Problem description: Would you transcribe the entries below, beginning at the line with "Sosyal medya hesabından" and ending after the line with "Dermadew Glow Cream", exactly, with no picture and nothing more?

Data under study:
════════

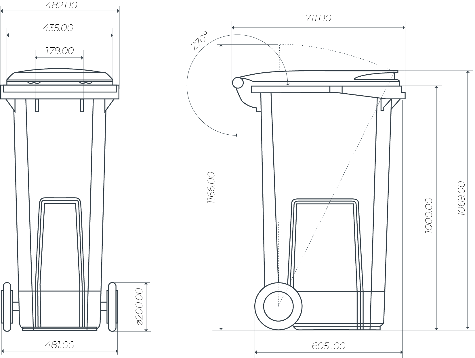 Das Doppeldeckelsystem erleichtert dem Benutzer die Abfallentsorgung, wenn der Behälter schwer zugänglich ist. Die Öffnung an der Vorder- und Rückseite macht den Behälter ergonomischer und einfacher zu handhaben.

════════

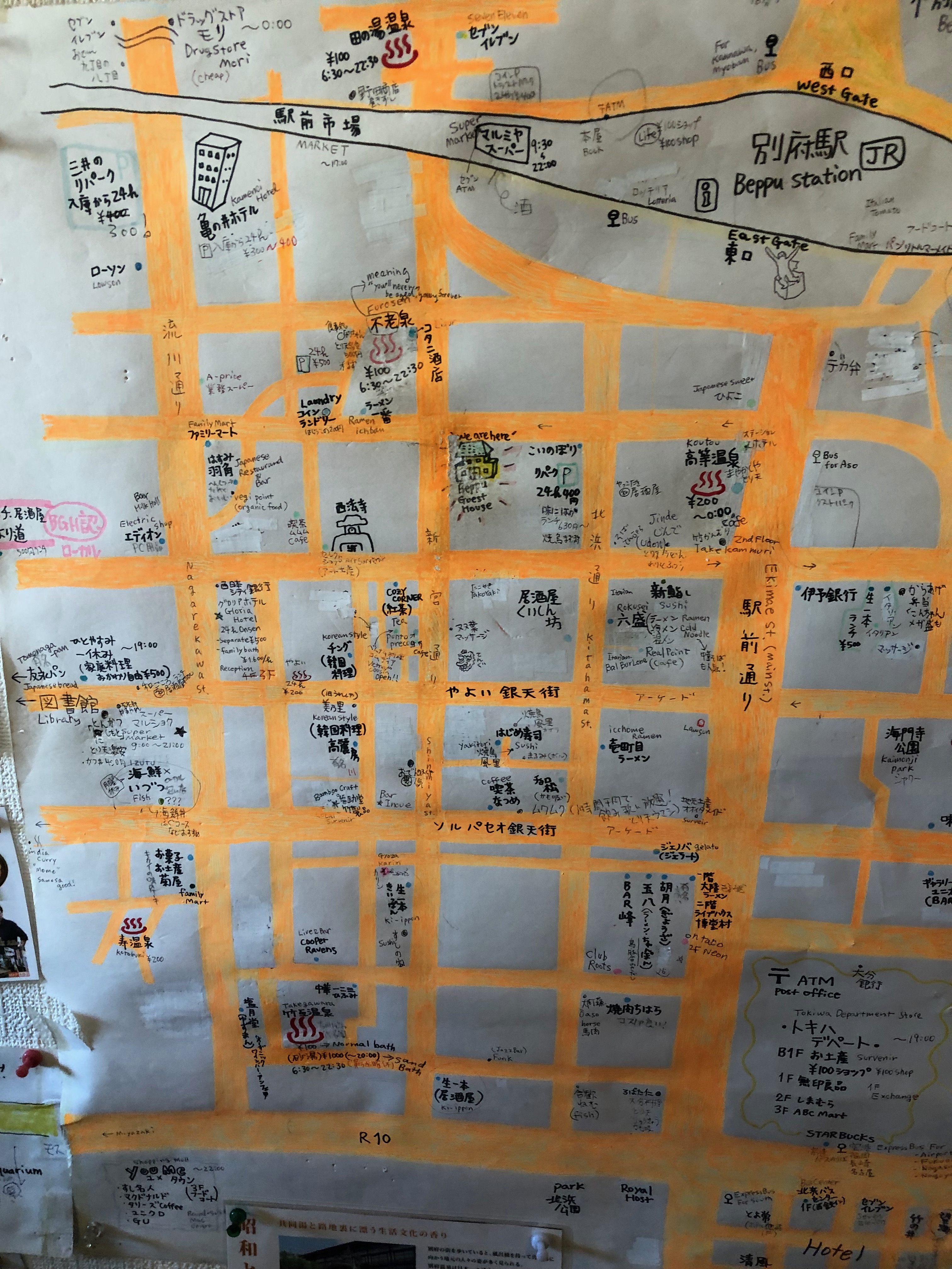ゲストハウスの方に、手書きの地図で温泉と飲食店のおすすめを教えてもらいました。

════════

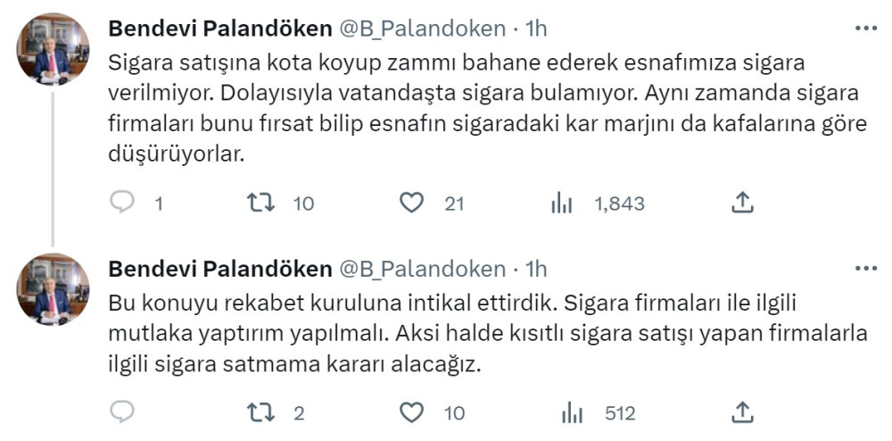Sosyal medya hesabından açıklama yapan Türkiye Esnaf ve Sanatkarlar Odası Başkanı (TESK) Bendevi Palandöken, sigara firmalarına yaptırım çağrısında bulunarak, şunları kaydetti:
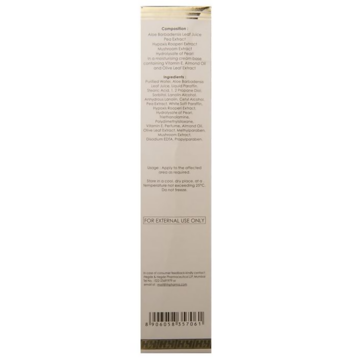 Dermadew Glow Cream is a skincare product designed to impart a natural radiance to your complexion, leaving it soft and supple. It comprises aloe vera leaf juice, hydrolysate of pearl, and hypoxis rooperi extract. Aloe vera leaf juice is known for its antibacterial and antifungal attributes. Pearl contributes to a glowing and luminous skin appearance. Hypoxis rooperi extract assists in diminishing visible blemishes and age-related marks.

════════

Solved problem:
Sosyal medya hesabından açıklama yapan Türkiye Esnaf ve Sanatkarlar Odası Başkanı (TESK) Bendevi Palandöken, sigara firmalarına yaptırım çağrısında bulunarak, şunları kaydetti:
 Dermadew Glow Cream is a skincare product designed to impart a natural radiance to your complexion, leaving it soft and supple. It comprises aloe vera leaf juice, hydrolysate of pearl, and hypoxis rooperi extract. Aloe vera leaf juice is known for its antibacterial and antifungal attributes. Pearl contributes to a glowing and luminous skin appearance. Hypoxis rooperi extract assists in diminishing visible blemishes and age-related marks.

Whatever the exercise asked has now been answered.